Devlin has been focusing on Victorian Architecture for more than 30 years. There are shows by Harry Devlin at the Morris Museum including a sizable show of children's book illustrations, most of which are in collaboration with his wife, Wende.

Devlin died on November 25, 2001, at the age of 83.

One of his children is artist Alexandra Eldridge, who also became a painter.

==Career==
Devlin started his career primarily in magazine illustration. After the beginning of World War II, he began his active duty in the U.S. Navy as an ensign, where he was assigned to the Identification and Characteristics Office of Naval Intelligence. There he assumed responsibility for all illustrations and technical drawings published in manuals that were used by U.S. fliers to identify enemy planes. He was so proficient that by 1945, he had illustrated all Japanese, German, and Italian aircraft.

Rising to the rank of lieutenant at the end of World War II, Devlin returned to a private life and began a ten-year association with Collier's Weekly.
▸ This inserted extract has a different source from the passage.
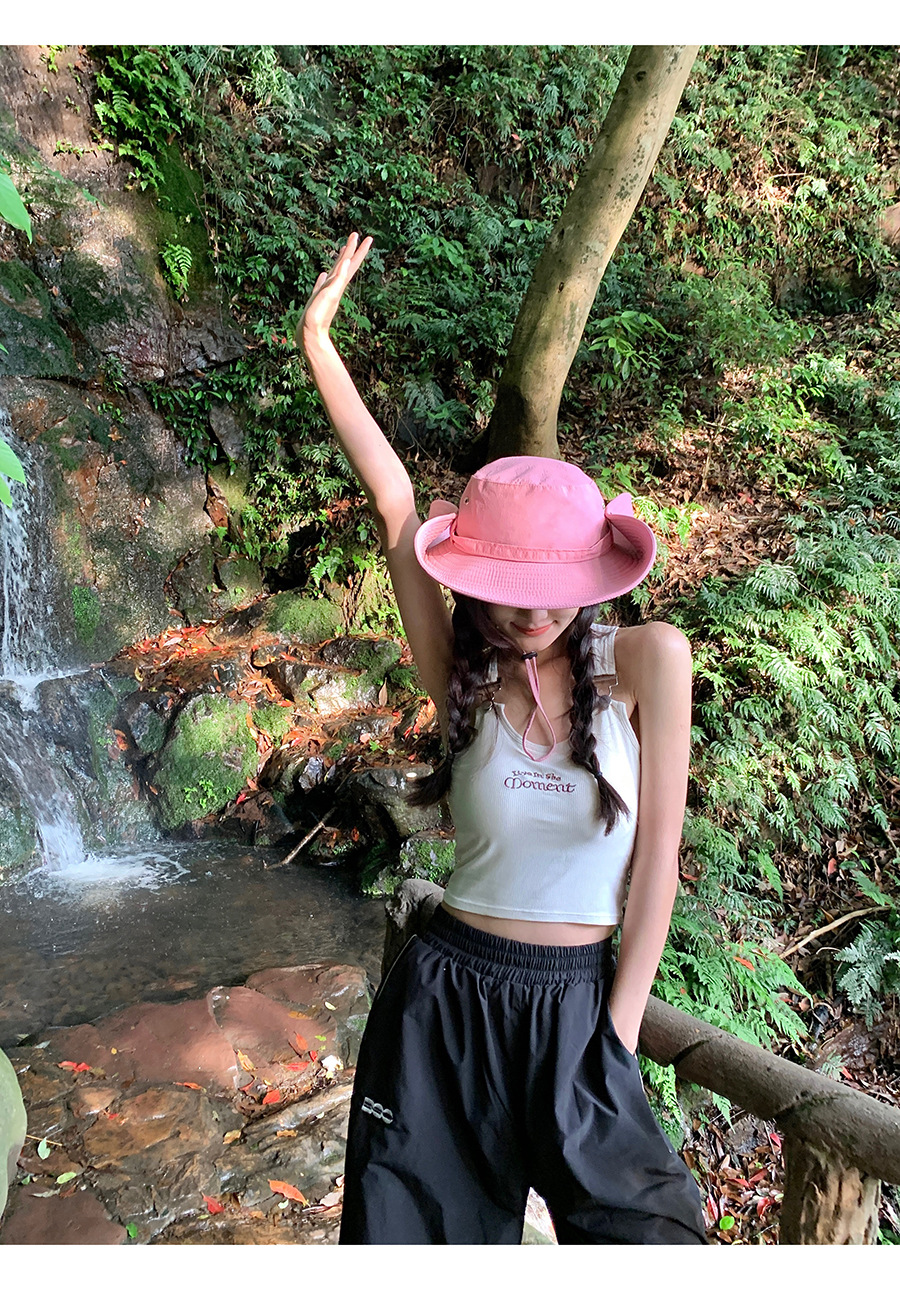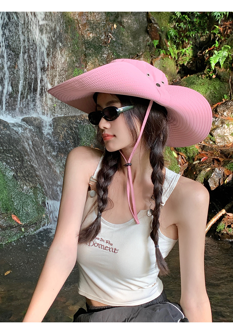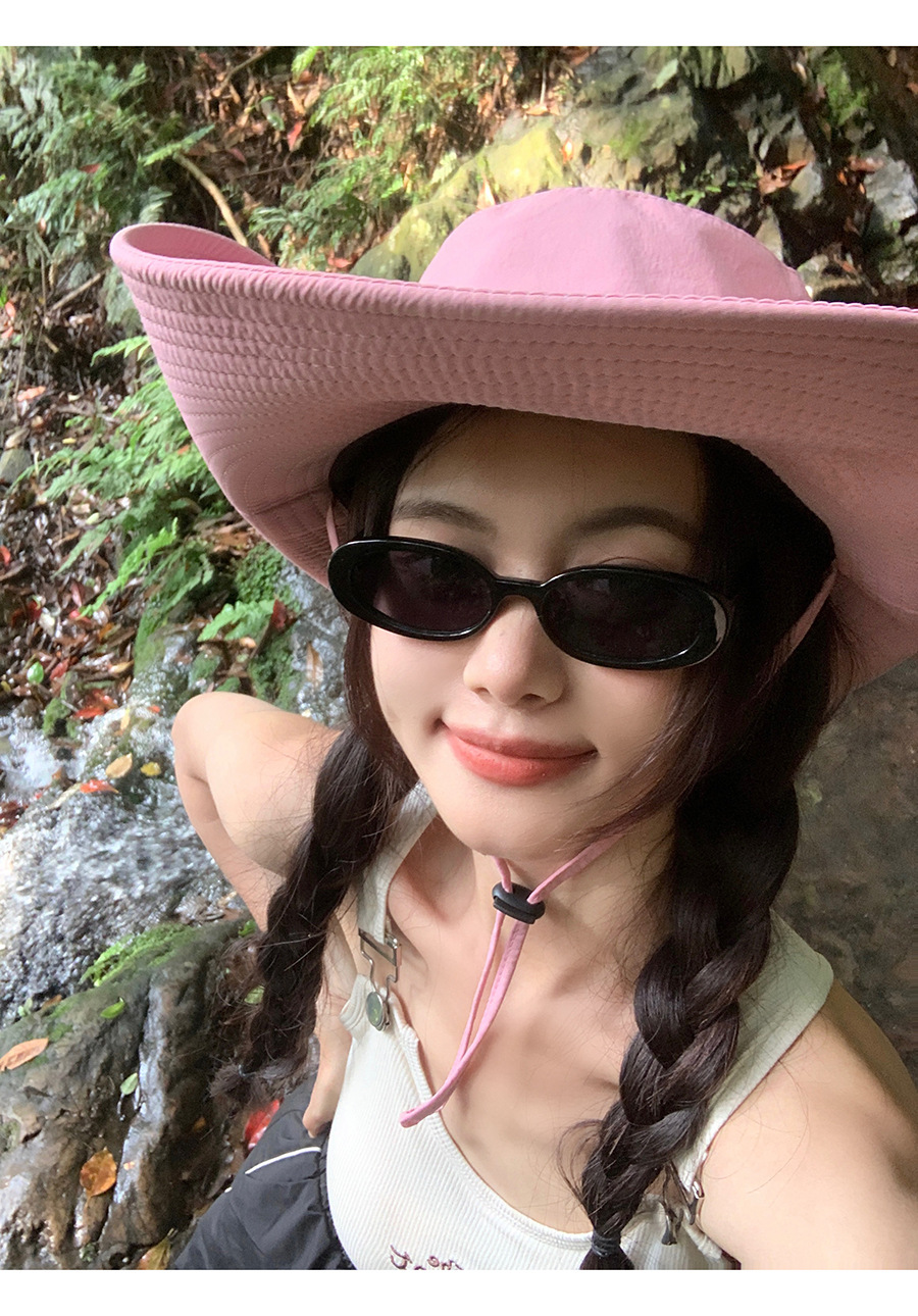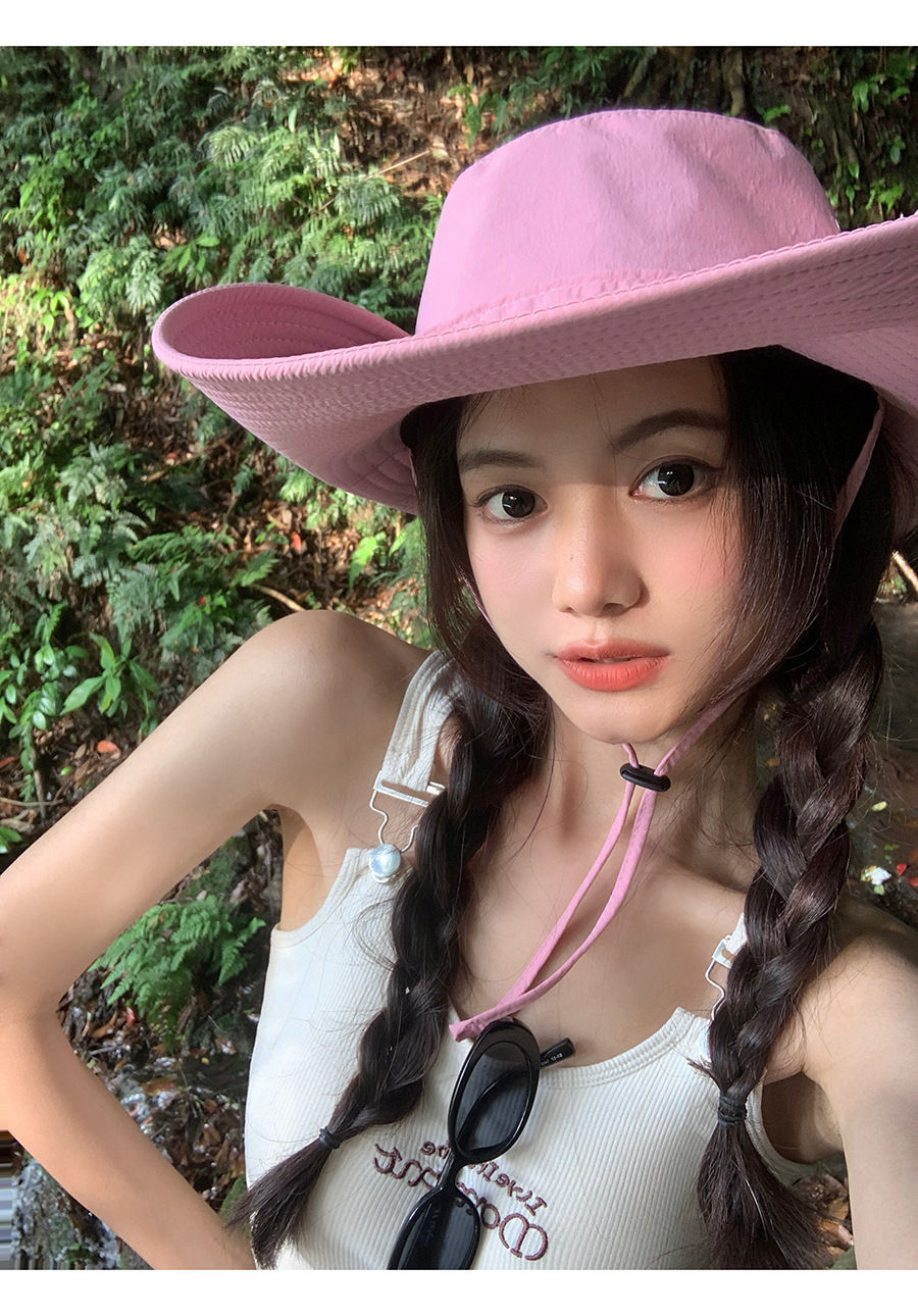 여름 서양 데님 선 스크린 모자 야외 큰 브림 등산 모자 여성의 태양 모자 핑크 어부 모자
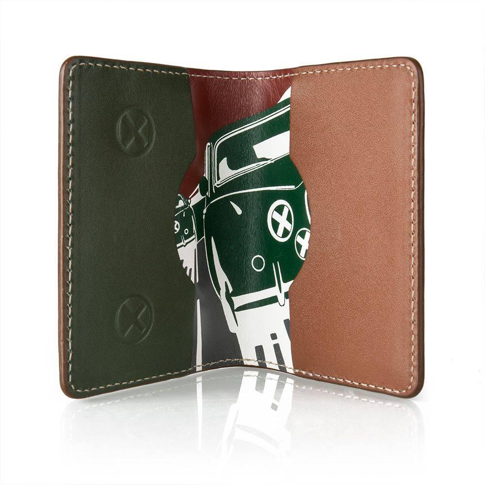 Візитниця і гаманець з динамічним малюнком автомобіля Jaguar Mark II на внутрішній стороні і деталями в стилі фар X-Headlight. З тисненим ромбоподібним логотипом Heritage. Матеріал: 100% шкіра.

He created editorial cartoons and illustrations for the magazine’s advertisements and articles. Furthermore, his work also appeared in other publications including the Saturday Home Magazine and the New York Daily News. During the McCarthy era, after refusing to design a pro-McCarthy cartoon, he was fired from these publications.

It was during the 1950s, a period of political uncertainty and the concurrent decline of illustration that Devlin developed a comic strip carried in local papers, the Newark Evening News and the Elizabeth Daily Journal, and syndicated in newspapers as far west as Honolulu. Moreover, Devlin began painting portraits and Victorian architecture. In a collaboration with his wife Dorothy (known as Wende), the couple produced more than two dozen children's books featuring Wende's imaginative writing accompanied by Devlin's colorful and energetic illustrations. The first of these children’s books was Old Black Witch (1963), a story, along with its two sequels, has sold almost two million copies. Harry and Wende Devlin made a comic strip Fullhouse (later retitled to Raggmopp), which ran between 1954 and 1957.
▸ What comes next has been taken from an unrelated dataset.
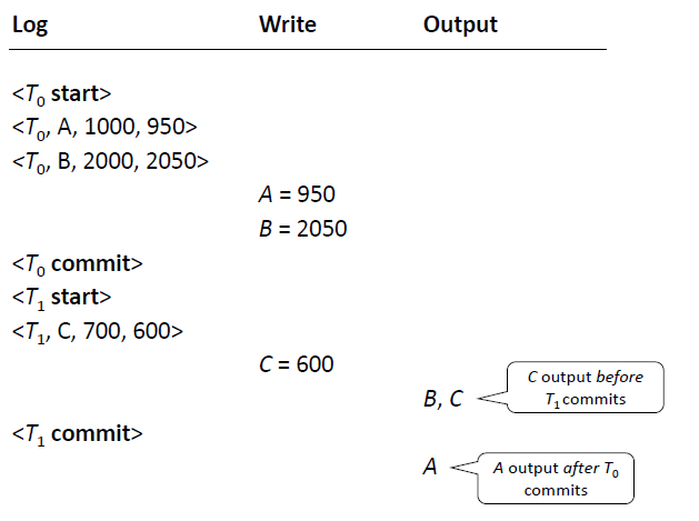 - If T0 doesnt commit, the transaction is incomplete, the state is incomplete and have to go back to consistent
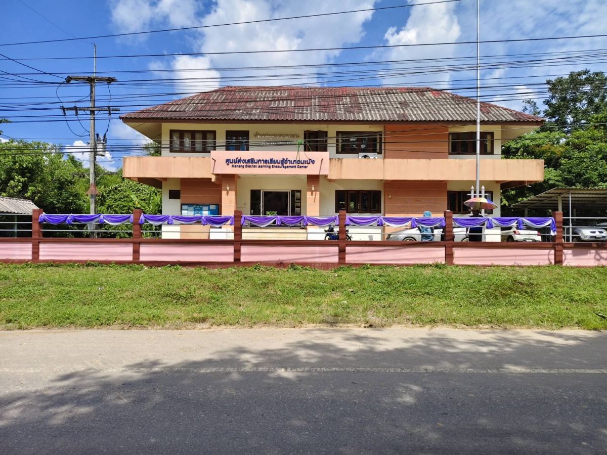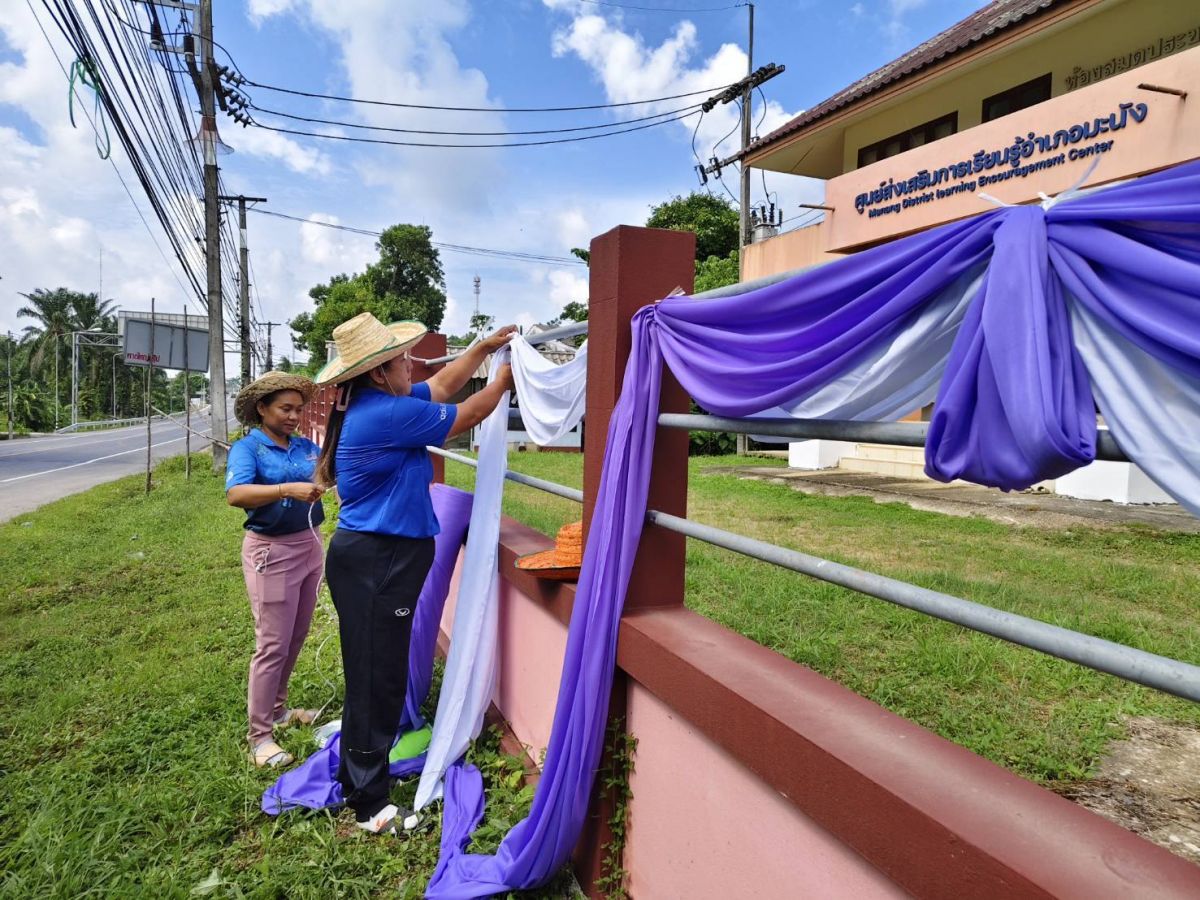 ศูนย์ส่งเสริมการเรียนรู้ระดับอำเภอมะนัง จัดตกแต่งสถานที่ประดับพระบรมฉายาลักษณ์สมเด็จพระนางเจ้าฯ พระบรมราชินี ประดับธงชาติไทยร่วมกับธงอักษรพระนามาภิไธย ส.ท. และประดับผ้าระบายสีม่วงร่วมกับผ้าระบายสีขาวตามอาคารสำนักงาน สกร.ระดับอำเภอมะนัง

Afterwards Devlin proceeded to renew a long-standing interest in Victorian architecture where he published To Grandfather's House We Go (1967), containing illustrations after paintings he had begun as early as 1954. The clarity of the descriptions and illustrations of architecture made the work not only an educational children's book but also a source book for college courses in architectural history. Devlin published What Kind of a House Is That? shortly after, and in 1989 came his major volume on the subject, Portraits of American Architecture: Monuments to a Romantic Mood, 1830-1900.
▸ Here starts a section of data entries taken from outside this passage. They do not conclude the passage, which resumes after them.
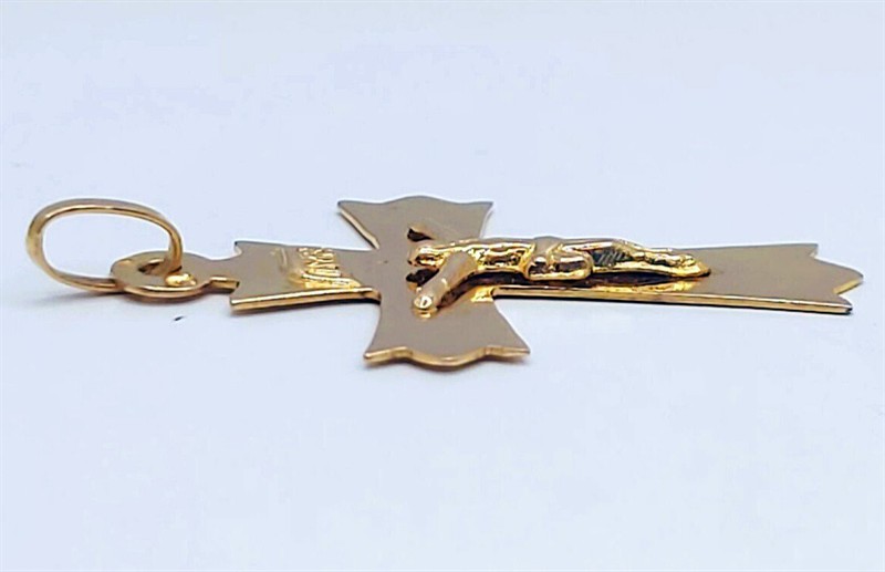 Zlatý přívěsek – kříž z 19,2 ct zlata. Hmotnost Au 1,26 g/800/1000, punc. Portugalsko, poslední čtvrtina 20. století. Velikost 2,8 x 1,8 cm.
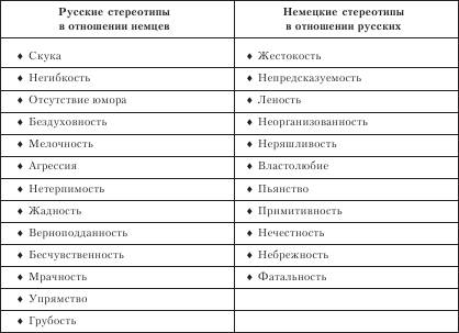 Стереотипы отрицательных качеств немецкой и русской нации[67]
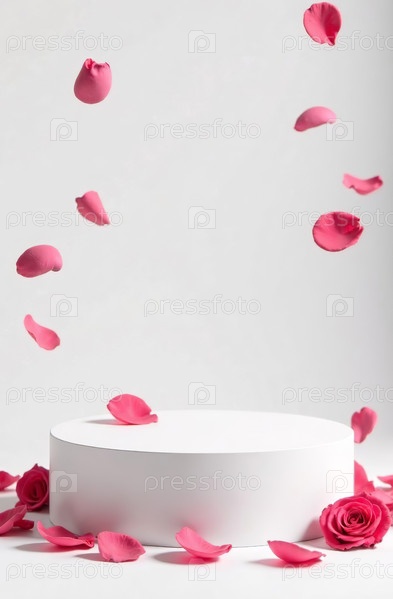 Подиум косметический продукт на белом фоне, свободное место для товаров. Генеративный ИИ

Devlin's style results from a technique very similar to contemporary photo-realism as is evident in ‘’Off the Yellow Brick Road’’ (1989). He alters slide images to define his basic composition, but incorporates "high truths" in the form of the removal of offending modern incursions such as telephone poles to infuse a sense of nostalgia and mood. Today, Devlin's works can be found in several New Jersey private, corporate, and museum collections including the Jane Voorhees Zimmerli Art Museum and the Morris Museum of Art.